У одного хазана состоял певчим юноша по имени Мойше-Хаим, единственный сын набожной старушки вдовы. Мойше-Хаим, бойкий, веселый юноша с прекрасным голосом, был, к сожалению, повесой и, как большинство певчих и музыкантских учеников, вечно отирался на свадебных пирах и семейных вечеринках. Однажды летним вечером с Мойше-Хаимом приключилось большое несчастье. Поужинав, вышел он на улицу прогуляться, и вдруг ни с того ни с сего появилась у него на верхней губе опухоль, которая с каждой минутой, не будь ни про кого сказано, стала расти все больше и больше. На следующий день губу раздуло так, что она уже закрывала несчастному чуть ли не все лицо и причиняла нестерпимую боль.
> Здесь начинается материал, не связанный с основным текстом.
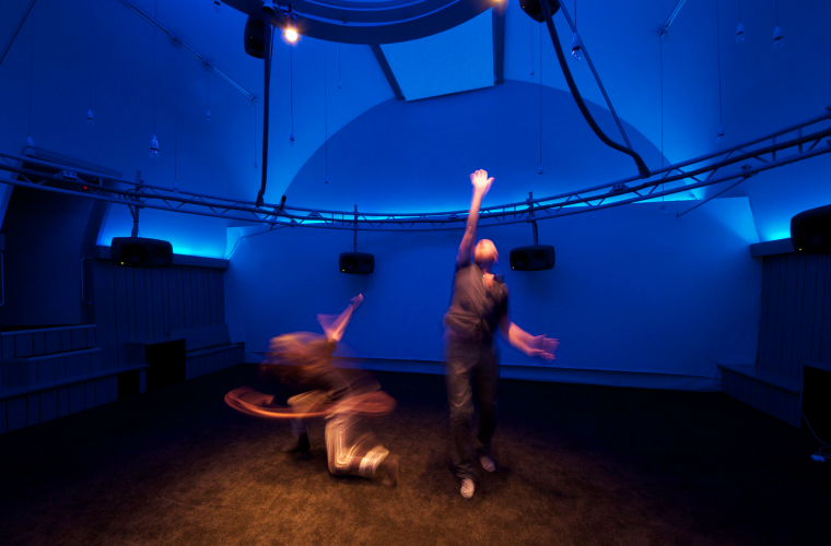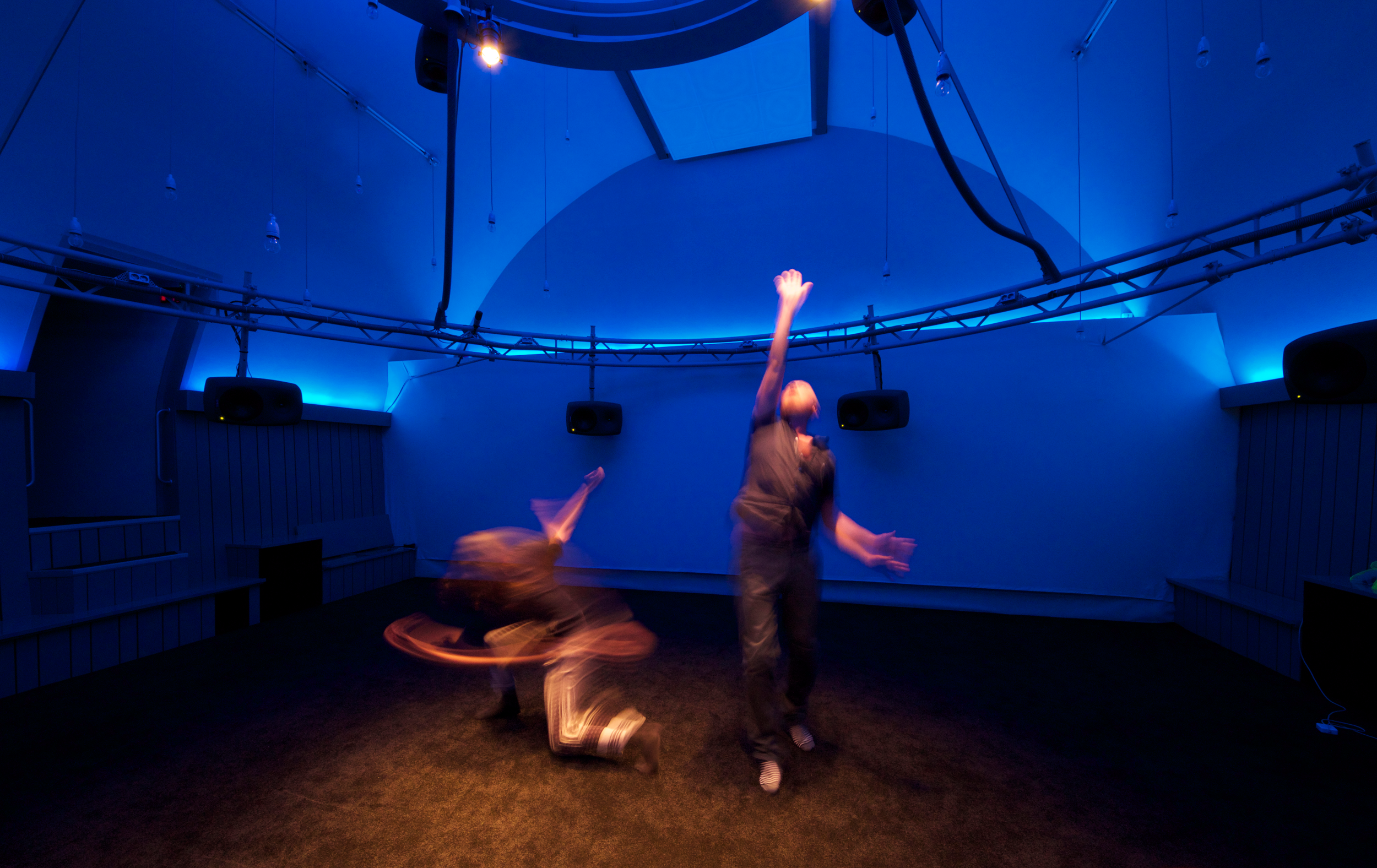 – Rummet är uppbyggt i modulär form, vilket gör att de tre delar som finns kan bytas ut vid behov, eller spridas ut på olika datorer. Exempelvis kan en tonsättare eller ljudkonstnär som har ett eget ljudsystem få data ur systemet och ta del av de rörelsebaserade delarna, säger Marcus Wrangö.
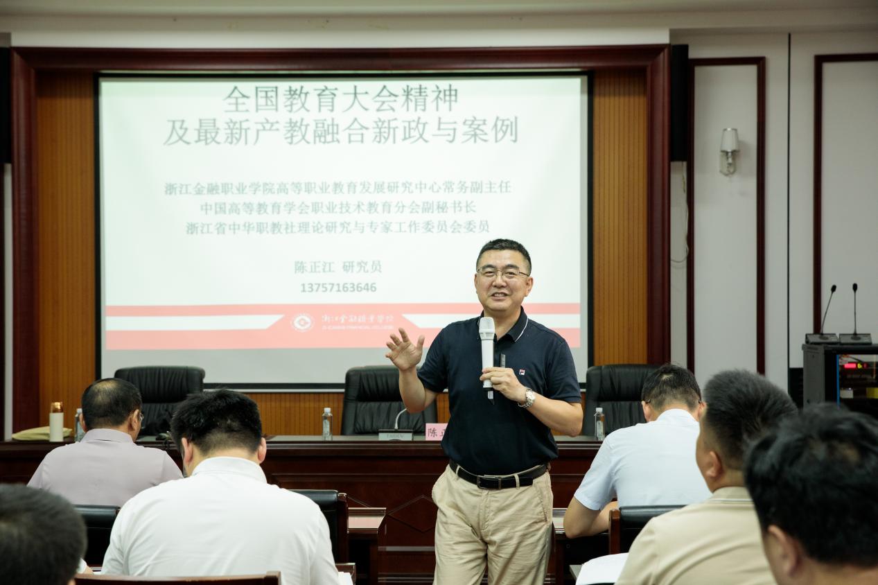 开班仪式后,中国高等教育学会职业技术教育分会副秘书长、浙江金融职业技术学院高教研究中心常务副主任陈正江讲授《全国教育大会精神及最新产教融合新政与案例》开班第一课。
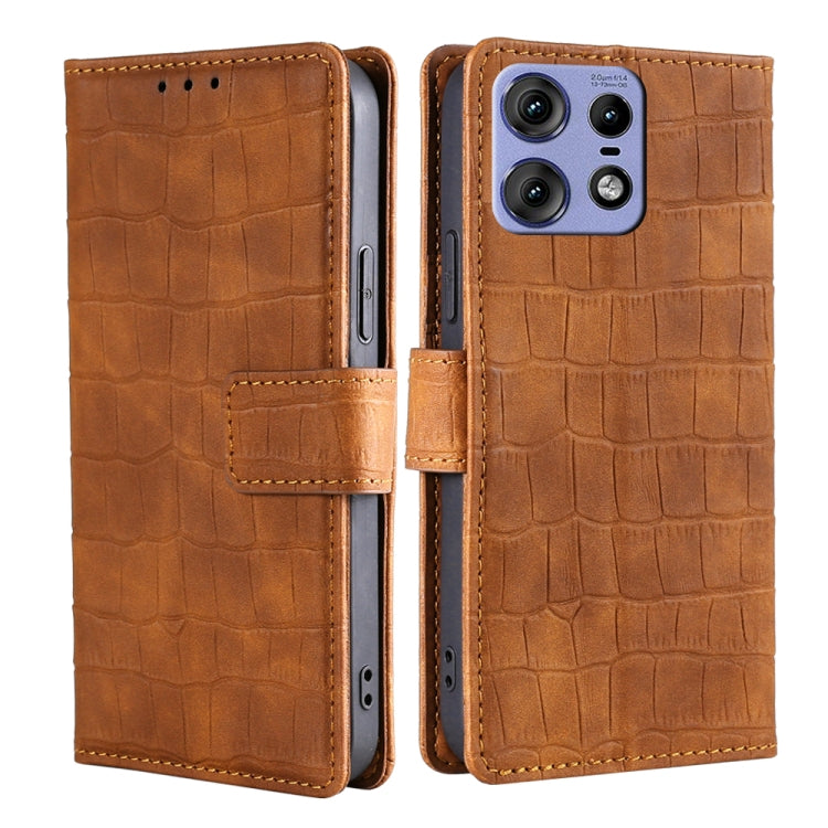 Funda de Piel con Cierre Magnético y Diseño de Cocodrilo para Motorola Edge 50 Pro 5G (Marrón)
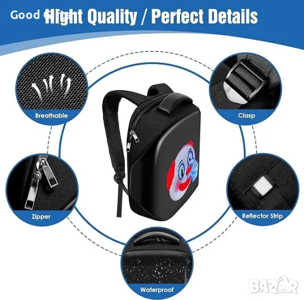 LED раница с пълноцветен екран,Можете да управлявате екрана на дисплея чрез APP и да променяте изображенията за постоянно, Направи си сам творчество с интересни изображения, обичани от мотоциклетистите.
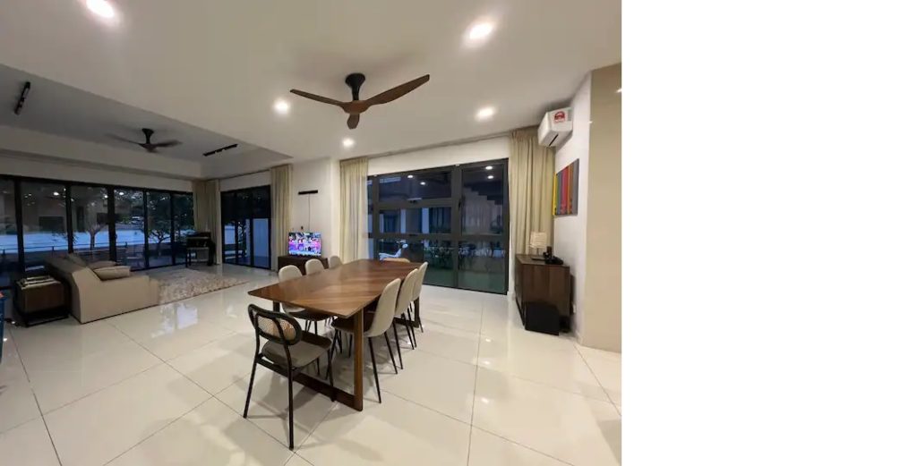A spacious homestay by Putrajaya Lake offering beautiful views and a peaceful atmosphere. After exploring beautiful Putrajaya, guests can relax on the patio, swim in the private pool, enjoy stunning sunrises/sunsets, and unwind in cozy rooms with high-speed internet of up to 500 Mbps. It’s the perfect retreat for a family gathering, with 6 rooms that can accommodate up to 33 guests (mix of 25 adults & 8 kids, based on our proposed room layout). Book now & experience the joy!
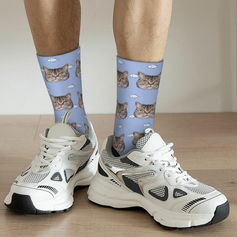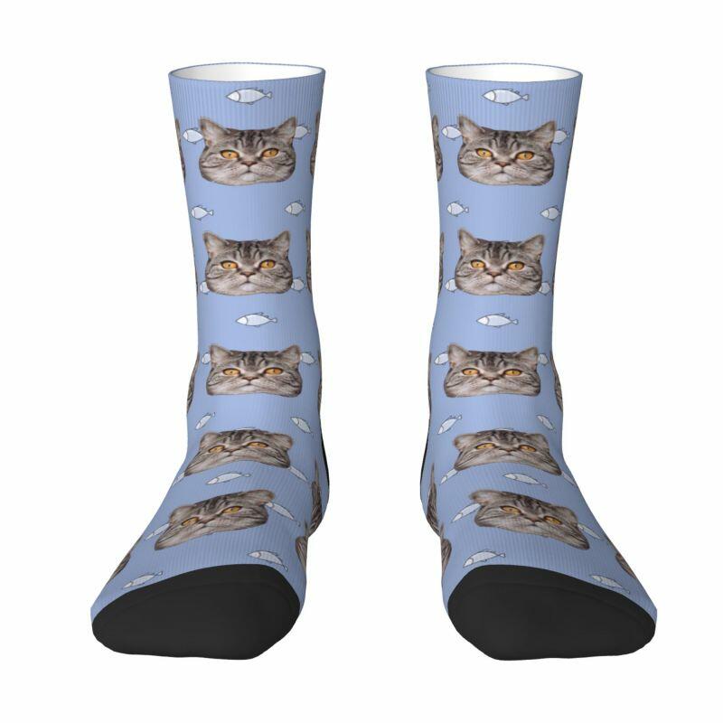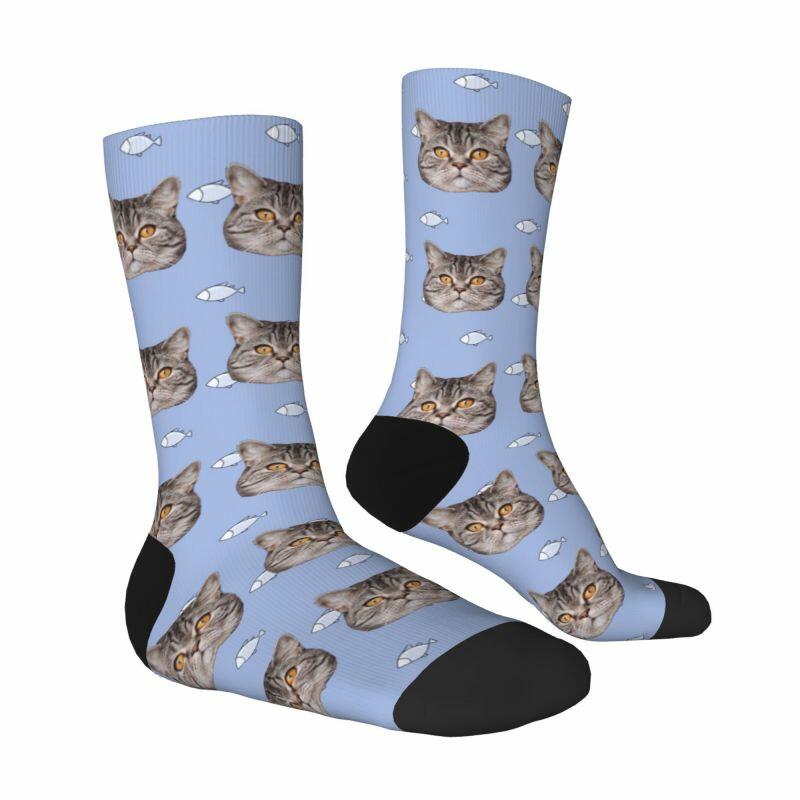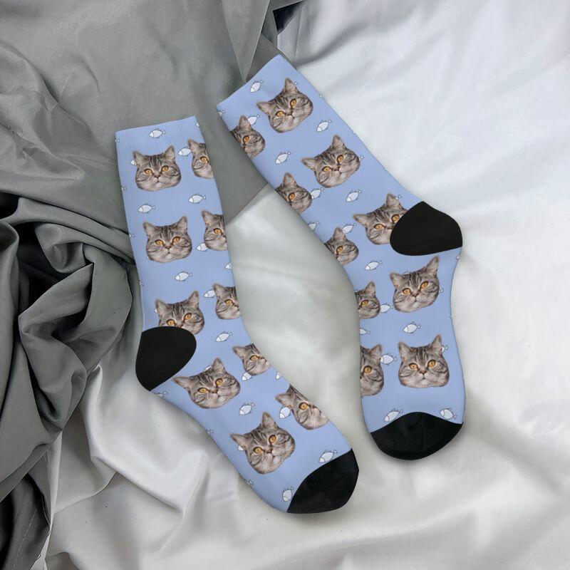 "Cat Eats Little Fish" Customized Face Socks Can Add Photos

Через несколько дней дошло уже до того, что больной с трудом открывал рот, куда ему вливали только жидкую пищу. После того как заговоры и нашептывания ни к чему не привели, обратились ко всем местным и окрестным докторам, но никто из них не мог найти средства против опухоли и ужасной боли. Все врачи решили в один голос, что больному необходима трудная и опасная операция — надо отрезать губу и при этом захватить часть лица. Операция им не по силам, они впервые видят такой редкий случай, так что больному надо безотлагательно ехать в Вильно. Перед отъездом в Вильно убитая горем мать постилась, наделила бедных щедрой милостыней, обошла все синагоги и бес-медреши, чтоб излить сердце в рыданьях перед открытыми орн койдешами, «встревожила в гробах» на местных кладбищах всех покойников, начиная со своего мужа и кончая самыми дальними родственникам, чтобы были они заступниками перед престолом Всевышнего за жизнь и исцеление ее «зеницы ока» — единственного ее кадиша, бедного Мойше-Хаимки.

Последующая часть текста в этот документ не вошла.